Je me souviens, encore de l’émotion que j’éprouvai en lisant dans une gazette de village le récit d’une assemblée des Amis protestans tenue sous la présidence d’Uhlich à Eisleben, la patrie de Luther. Voici cette charmante description toute pleine d’une poésie qui s’ignore : « Nous sortîmes de la ville avant midi ; nous étions au moins six cents. Il fallut rester en plein air, le beau temps nous favorisait, quelle meilleure place les amis auraient-ils pu choisir pour y converser ? ils aspirent à la lumière, comme on le dit d’eux par une moquerie dont ils ne se fâchent point, et le matin leur versait sa lumière si douce. Ils tiennent le monde entier pour l’école de tout esprit qui pense, et le large aspect du monde s’ouvrait librement devant eux. Ils suivent cette impulsion frémissante de leur temps vers la connaissance et le progrès, et partout à leurs côtés frémissait la nature, poussant et développant le germe des choses pendant qu’un vent rapide baignait leur front de ses vives haleines. Nous restâmes donc là sur la terrasse. Le feuillage alors récent des chênes nous faisait un toit magnifique ; au-dessus encore le ciel bleu, à nos pieds la ville d’Eisleben, puis au-delà le regard s’étendait sur l’immensité des plaines et des montagnes. Enfin arriva le pieux orateur. Sa première parole, et vis-à-vis de ce ravissant spectacle pouvait-il en trouver une autre ? sa première parole fut celle-ci : « Pénétrés comme nous le sommes de la présence du Père éternel que tous nous sentons, ne voulons-nous pas soulager notre ame avec des chants ? » Et l’on chanta : « O Créateur, lorsque je contemple à genoux ta puissance, la sagesse de tes voies, ton amour qui veille sur tout, je ne sais plus, dans mon admiration, comment m’élever jusqu’à toi ! mon Dieu, mon Seigneur et mon père ! » Cette noble et grave exaltation vaut-elle donc moins que la crédulité des pèlerins de Trèves ? De quel côté la piété féconde ? De quel côté la grandeur ? Où sent-on le mieux l’approche divine, le souffle d’en haut ?
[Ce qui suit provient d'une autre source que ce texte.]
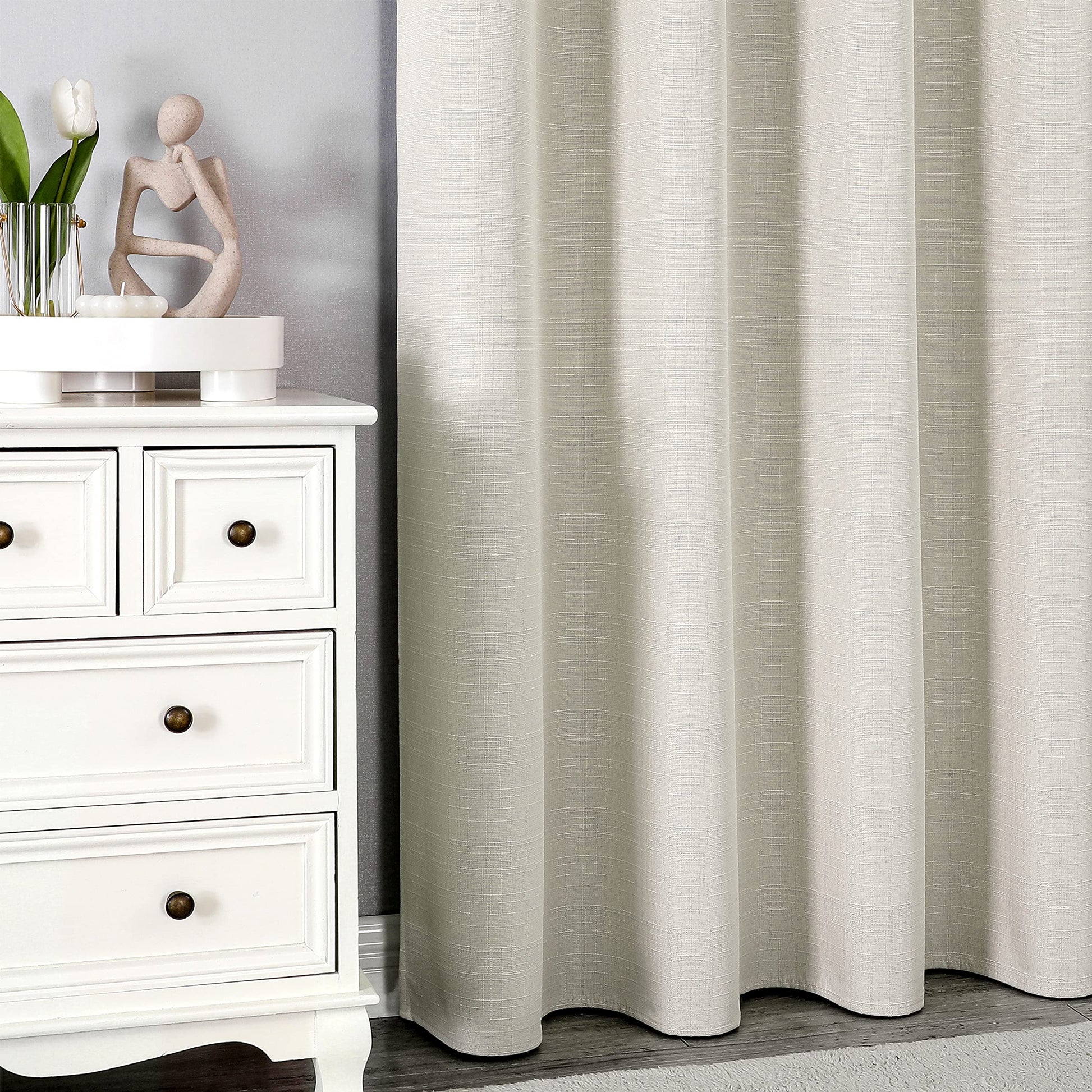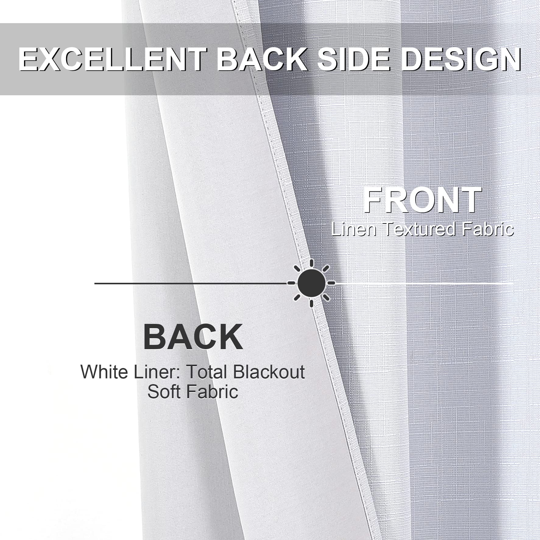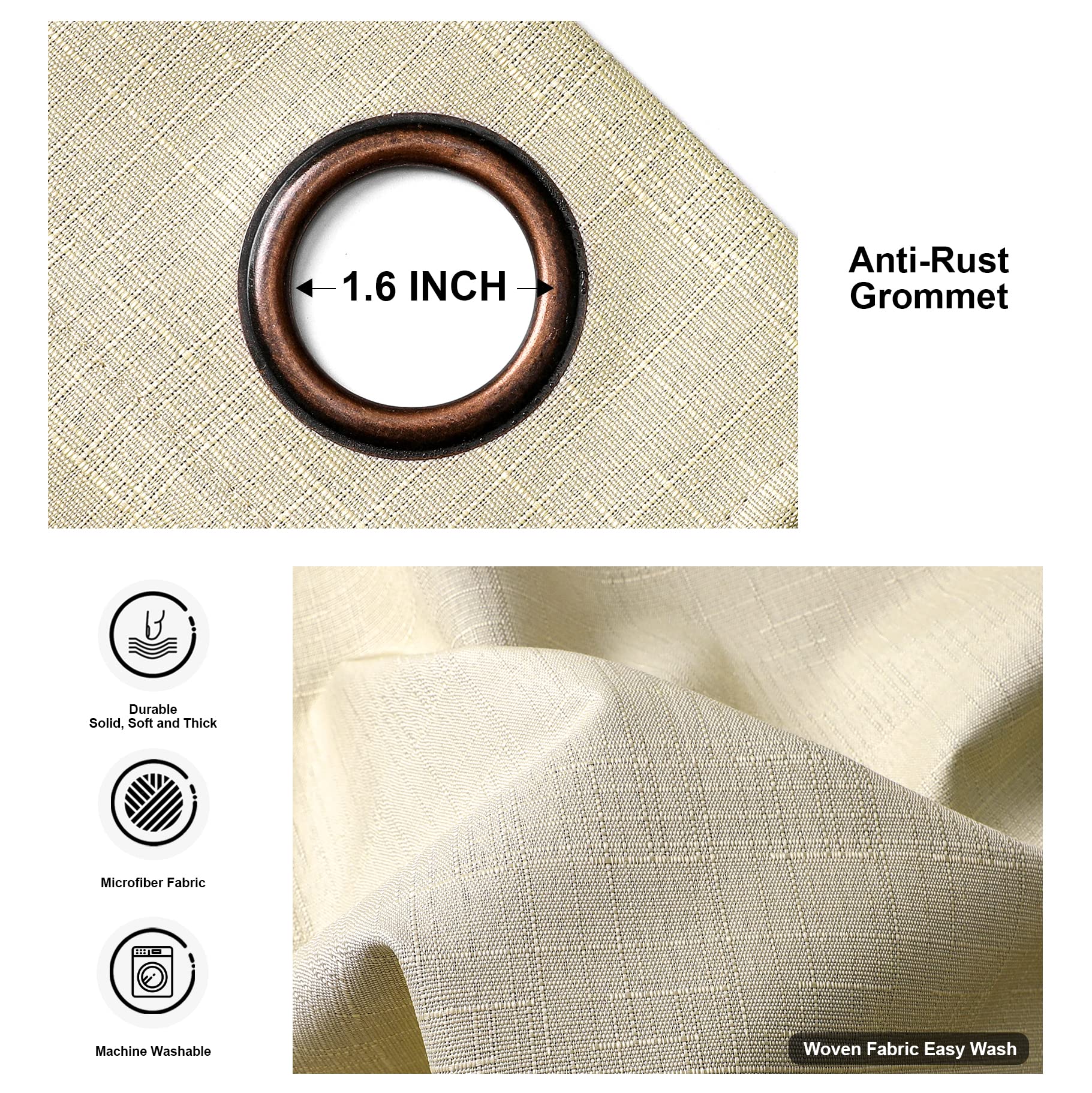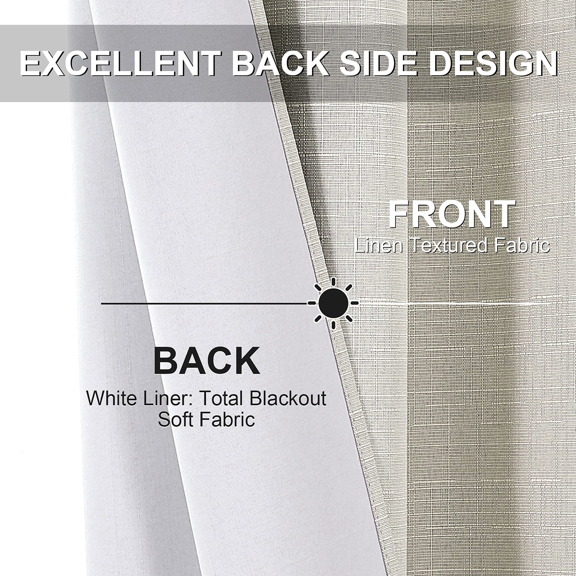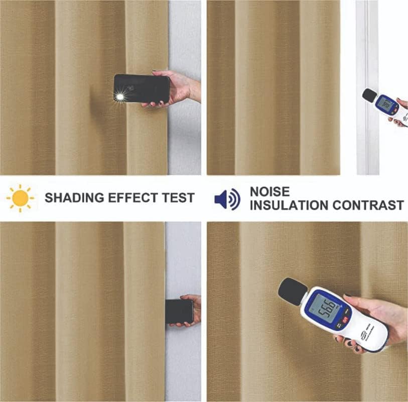 ستائر إنتكس الكتانية 100% ستائر معتمة لغرفة النوم وغرفة المعيشة من القماش العازل حرارياً - تعتيم الغرفة - ستائر نافذة بحلقات فولاذية - قطعة واحدة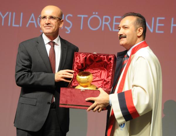 Akademik yıl açılış törenin ardından GAÜN Rektörü Prof. Dr. Ali Gür, Mehmet Şimşek’e hediye verdi.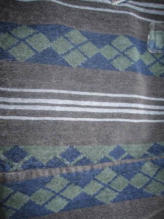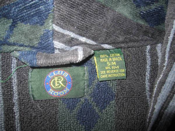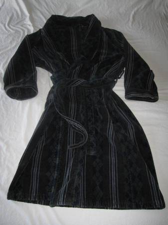 This is a men's robe by Club Room. It is in excellent condition and features a masculine pattern with the colors black, green and blue. The size is "Small/Medium".

Or, qui ne se rappellerait ici la foi de Jean-Jacques ? N’est-ce pas cette simple et forte éloquence du vicaire savoyard, et, par une heureuse rencontre, n’est-ce pas le début même de son discours, mis pour ainsi dire en action ? n’est-ce pas toujours la magnificence de la nature qui sert de texte à ces religieux entretiens ? Il n’y a qu’une différence, et je la note pour résumer ma pensée, comme elle résume tout ce progrès auquel je crois. — Le pauvre vicaire n’avait qu’un auditeur, encore était-il de rencontre, et lui-même n’eût point ainsi prêché devant ses ouailles ; le pasteur Uhlich haranguait sur ce ton-là tous ses paroissiens, et la profession de foi leur plaisait en sermon.


ALEXANDRE THOMAS.

  1. Arrivé à Berlin, dans le récit de son voyage, l’auteur de l’Allemagne du présent avait cru devoir ajourner cette dernière partie de ses souvenirs. Un concile national s’assemblait, et la fameuse constitution était une fois de plus annoncée pour la fête du roi. L’état de choses que l’auteur avait vu pouvait d’un coup disparaître pendant qu’il le racontait. Le concile est fermé, a fête du roi est passée, rien n’est changé. Il s’en faut de quelque temps encore avant que l’Allemagne du présent ait commencé d’être l’Allemagne de l’avenir. — Voyez les autres parties de cette série dans les livraisons de 1 février, 1er mars, 1er avril, 1er mai et 1er juillet.
  2. Tout l’exposé qu’on vient de lire n’est qu’un résumé fidèle, souvent même une traduction littérale, des écrits et des journaux du piétisme berlinois. Il suffit quelquefois de laisser la parole à ses adversaires pour les combattre. Ce n’est pas notre faute si l’analyse dispensait ici de la critique.
  3. Il n’y en a guère que 350,000 ; mais le roi, réprimandant le magistrat l’année dernière, parlait de près de 400,000. Berlin, en 1851, ne comptait encore que 6,500 habitans.
  4. Pour l’avenir de l’église évangélique d’Allemagne, un mot à ses protecteurs, et à ses amis, par M. Ullmann.
  5. C’est le titre que prennent les surintendans de l’église évangélique en Prusse.